Although pesticides have a positive effect on plant health in terms of insect pests and diseases control, increased productivity and improved crop storage, their malpractice impacts on food safety negatively. Pesticide residues and corresponding metabolites are left as runoff to the environment affecting non-targeted organisms like fish, bees, butterflies, birds and other beneficial organisms in soil and water bodies. Moreover, the application of pesticides in non-agriculture activities goes unnoticed, such as spraying for anopheles mosquito to control malaria. Human health effects caused by pesticide residues in food include headache, vomiting, itching and skin irritation, restlessness, dizziness, breathing difficulties, neurotoxicity and chronic poisoning-related diseases such as cancer and death incidences. Maximum residue limits are the maximum pesticide residues limit in food considered safe to human as set by the Codex Alimentarius Commission and the joint Food and Agriculture Organization/World Health Organization meeting on pesticide residues. The residues of dichlorodiphenyltrichloroethane and chlorpyrifos are reported in various foods globally. Additionally, food safety is largely obstructed by illegal use of pesticides and the presence of counterfeit pesticides in the market. This review provides detail on pesticide control and regulations, residues in food, their health impacts and link approaches like good agricultural practices for ensuring sustainability on safe food production.

PUBLIC INTEREST STATEMENT

Pesticides are useful in promoting food production by preventing insects and pests damage at various stages of food production. They are widely used in plant and animal production to prevent, destroy, repel and control pest during production, transport, storage and distribution of food. Also, pesticides are useful in controlling vectors such as anopheles mosquitoes responsible for malaria in the tropics. Despite their benefit, they may cause adverse health effects including restlessness, neurotoxicity, breathing difficulties, unconsciousness, cancer and death. At the same time, pesticide residues affect non-targeted organisms including aquatic life, bees, butterfly, birds, livestock and beneficial soil microorganisms. Communities should use pesticides responsibly by ensuring proper dosage and abide to disposal guideline as stipulated by regulatory authorities.

Competing interest

The authors declare no competing interests.

1. Introduction

Pesticide refers to any substance purposely released into the environment for preventing, destroying, repelling, attracting or controlling any pest, including unwanted species of plant or animals (FAO, & WHO, Citation1997; Yamada, Citation2017). Pesticides are applied during the production stage, storage, transport, distribution and processing of food and feeds. They are also administered to animals for the control of ectoparasites (FAO, & WHO, Citation1997; Yamada, Citation2017). On the other hand, pesticides include substances used as plant growth regulators, defoliator, desiccant, fruit thinning agents, sprouting inhibitors and substances applied to crops either before or after harvest to protect them from deterioration during transport and storage (FAO, & WHO, Citation1997). Insecticides, herbicides, fungicides, nematicides and avicides are some of the examples (Botitsi, Tsipi, & Economou, Citation2017). Pesticides application has increased agriculture productivity, crops yield, crop protection, affordable food and increased farmers’ income (Antonini & Argilés-Bosch, Citation2017).
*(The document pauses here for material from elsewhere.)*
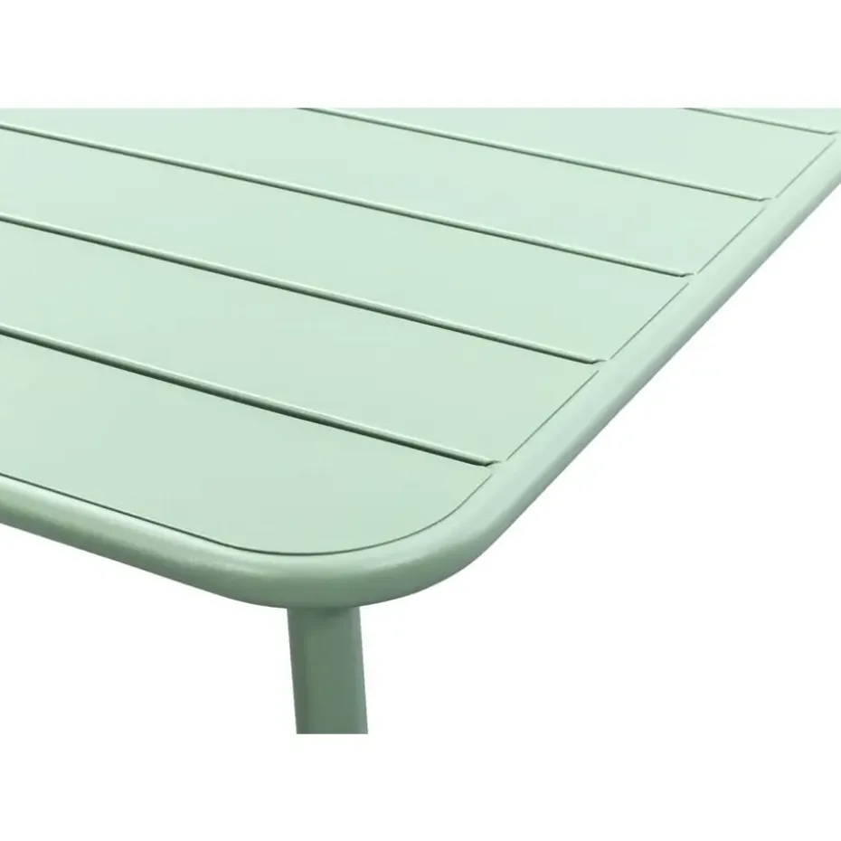 De tuintafel Vence is gemaakt van metaal met een lichtgroene afwerking. De tafel is weersbestendig en de bijpassende stoelen vind je in dezelfde serie. Met een afmeting van 72x150x90 cm is deze tafel geschikt voor 6 personen. Dus nodig de gasten maar vast uit en geniet met de tafel Vence metaal lichtgroen van de zomer.
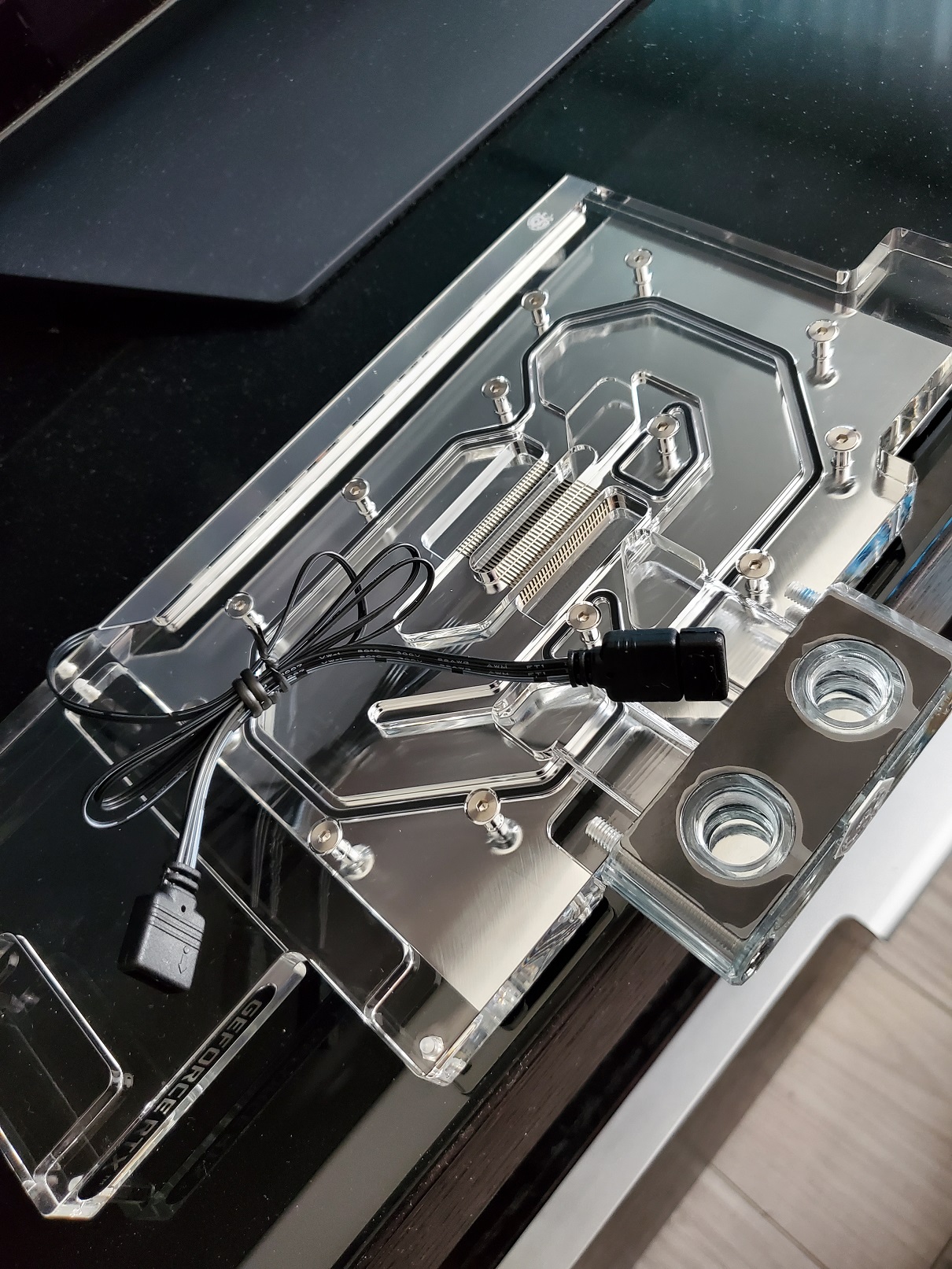 На водоблоке уже есть 4 отверстия и с ним делать ничего не надо. В бэке сверлится 4 отверстия и нарезается резьба под используемые винты. Затем к бэку прикручивается водоблок и винты подгоняются по длине так, чтобы они были заподлицо с внутренней поверхностью бэка. Всё - можно пользоваться. Всё просто, как 5 копеек.

Increased food demand to feed the growing population, which is estimated to be 8.5 billion people by 2030, has intensified the use of pesticides (Clark & Tilman, Citation2017; Crist, Mora, & Engelman, Citation2017). Globally, the average insecticides, herbicides and fungicide and acaricides usage from 1990 to 2010 was 342,000, 566,000 and 353,000 t, respectively (Liu, Pan, & Li, Citation2015). Also, Bernhardt, Rosi and Gessner (Citation2017) reported 6 million metric tons as total global pesticides usage. Europe is the largest pesticides consumer followed by China and the United State of America (USA) (Benbrook, Citation2016; Hossain, Rahman, & Khan, Citation2017). Pesticides application in developing countries is about 25% with exceptionally high application on vegetables (de Bon et al., Citation2014; Schreinemachers & Tipraqsa, Citation2012).

However, uncontrolled pesticides application and abuse leave residues in the environment may persist leading to pollution and adverse human health effects (Udeigwe et al., Citation2015). Pesticide residues are also found in cereals, vegetables, fruits and honey and their corresponding products such as juices and wine depend on farmers’ and processors’ practices (Heard et al., Citation2017; Rivera-Becerril et al., Citation2017). Coupled to that, poor disposal affects non-target organisms like fish and other aquatic life, natural pollinators (bees and butterflies), livestock, birds and beneficial soil microorganisms (Buah-Kwofie, Humphries, & Pillay, Citation2018; van Lexmond, Bonmatin, Goulson, & Noome, Citation2015). For instance, organochlorines popularly used to control plant pest and diseases for years have been found very stable and persistent in the environment (Buah-Kwofie et al., Citation2018). Organochlorine pesticides (OCPs) such as aldrin, dieldrin, endosulfan, dichlorodiphenyltrichloroethane (DDT), hexachlorobenzene (HCB) and hexachlorocyclohexane (HCH) can persevere in the environment for years after application (Debnath & Khan, Citation2017; Kaushik, Chel, & Gadekar, Citation2017). Also, most of the pesticides are fat soluble as they can be found in milk, blood and fatty tissues accumulating in the food chain (Buah-Kwofie et al., Citation2018; Du et al., Citation2017). Human health effects associated with pesticide residues exposure include headache, skin irritation, itching, dizziness, restlessness, neurotoxicity, breathing difficulties, unconsciousness, chronic poisoning-related diseases such as cancer and death incidences (Evangelou et al., Citation2016; Guyton et al., Citation2015).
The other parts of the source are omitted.